Your assignment: Take the entries that follow and return exactly the lines from the one holding "這使巴薩近期不堪重負的傷員名" through the one holding "Drink and beverage", both included. Nothing else is needed.

Records provided:
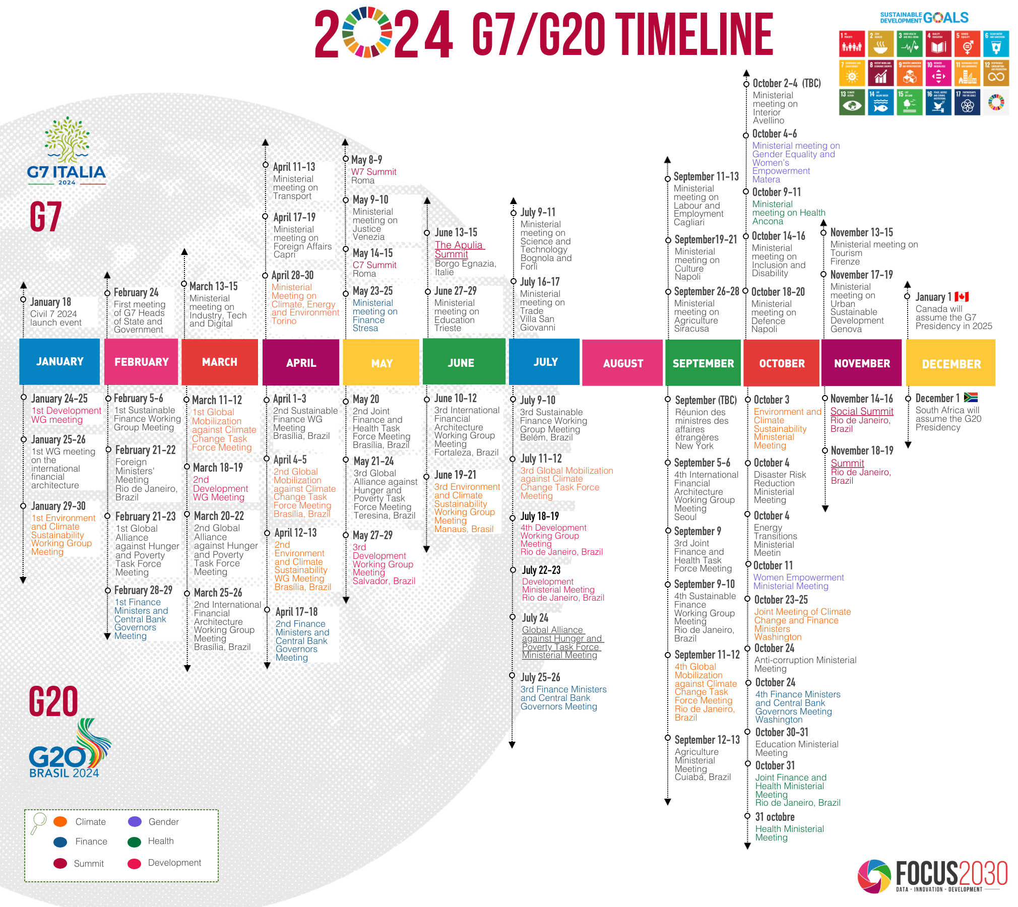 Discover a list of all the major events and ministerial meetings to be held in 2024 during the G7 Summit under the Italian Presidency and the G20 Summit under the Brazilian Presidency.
==
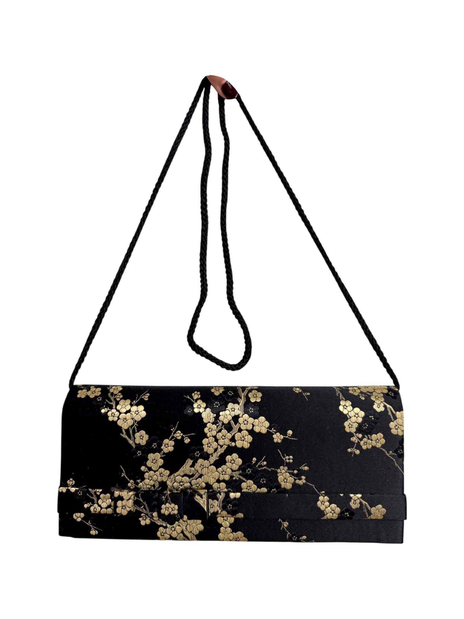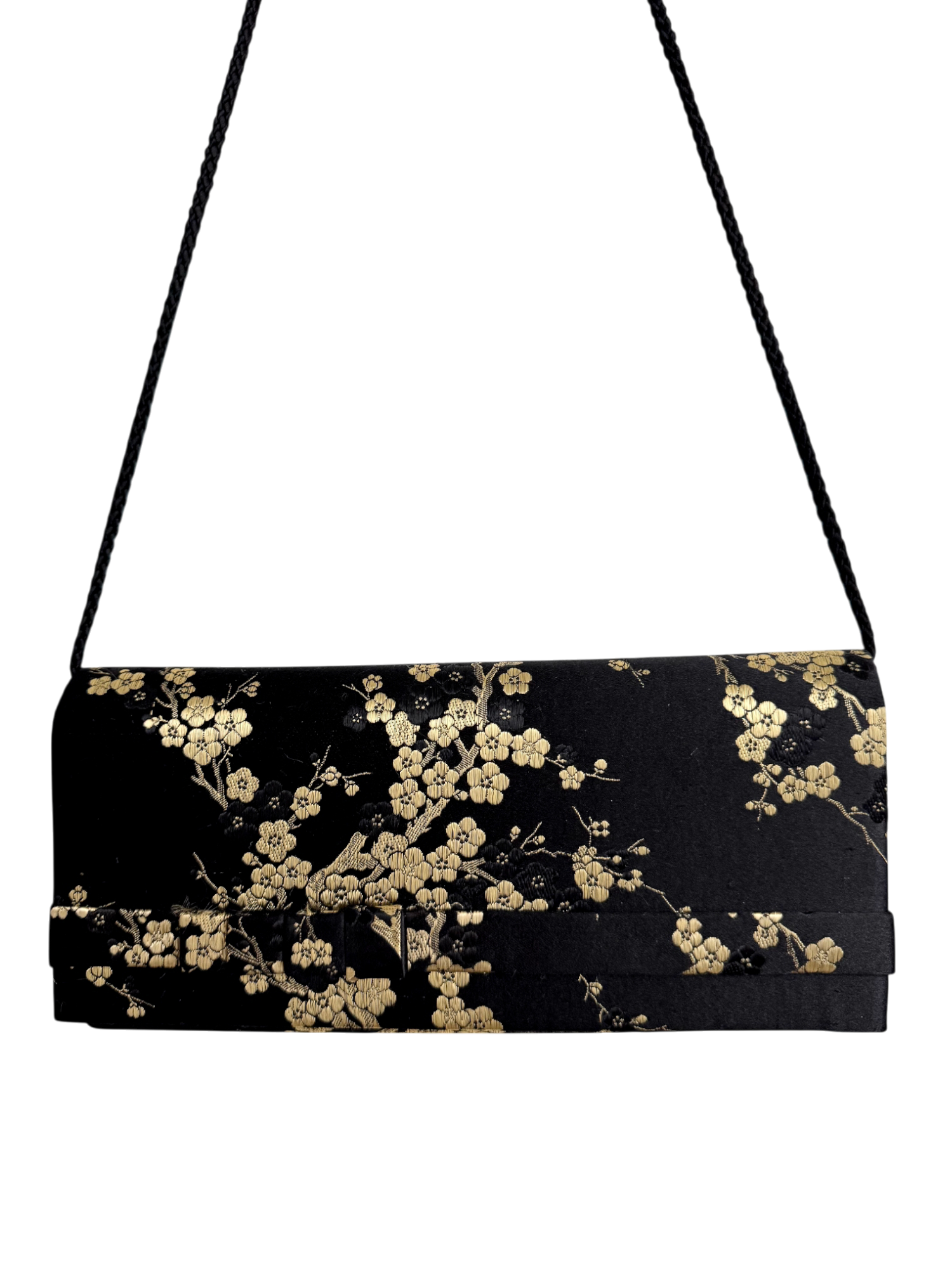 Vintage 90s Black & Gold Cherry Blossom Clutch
==
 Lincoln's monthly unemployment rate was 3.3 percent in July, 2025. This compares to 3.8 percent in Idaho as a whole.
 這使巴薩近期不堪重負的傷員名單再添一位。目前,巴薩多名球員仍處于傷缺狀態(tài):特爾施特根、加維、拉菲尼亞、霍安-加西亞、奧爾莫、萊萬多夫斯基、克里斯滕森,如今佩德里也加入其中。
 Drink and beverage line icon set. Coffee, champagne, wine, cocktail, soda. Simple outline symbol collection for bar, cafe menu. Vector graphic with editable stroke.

Result of the exercise:
 這使巴薩近期不堪重負的傷員名單再添一位。目前,巴薩多名球員仍處于傷缺狀態(tài):特爾施特根、加維、拉菲尼亞、霍安-加西亞、奧爾莫、萊萬多夫斯基、克里斯滕森,如今佩德里也加入其中。
 Drink and beverage line icon set. Coffee, champagne, wine, cocktail, soda. Simple outline symbol collection for bar, cafe menu. Vector graphic with editable stroke.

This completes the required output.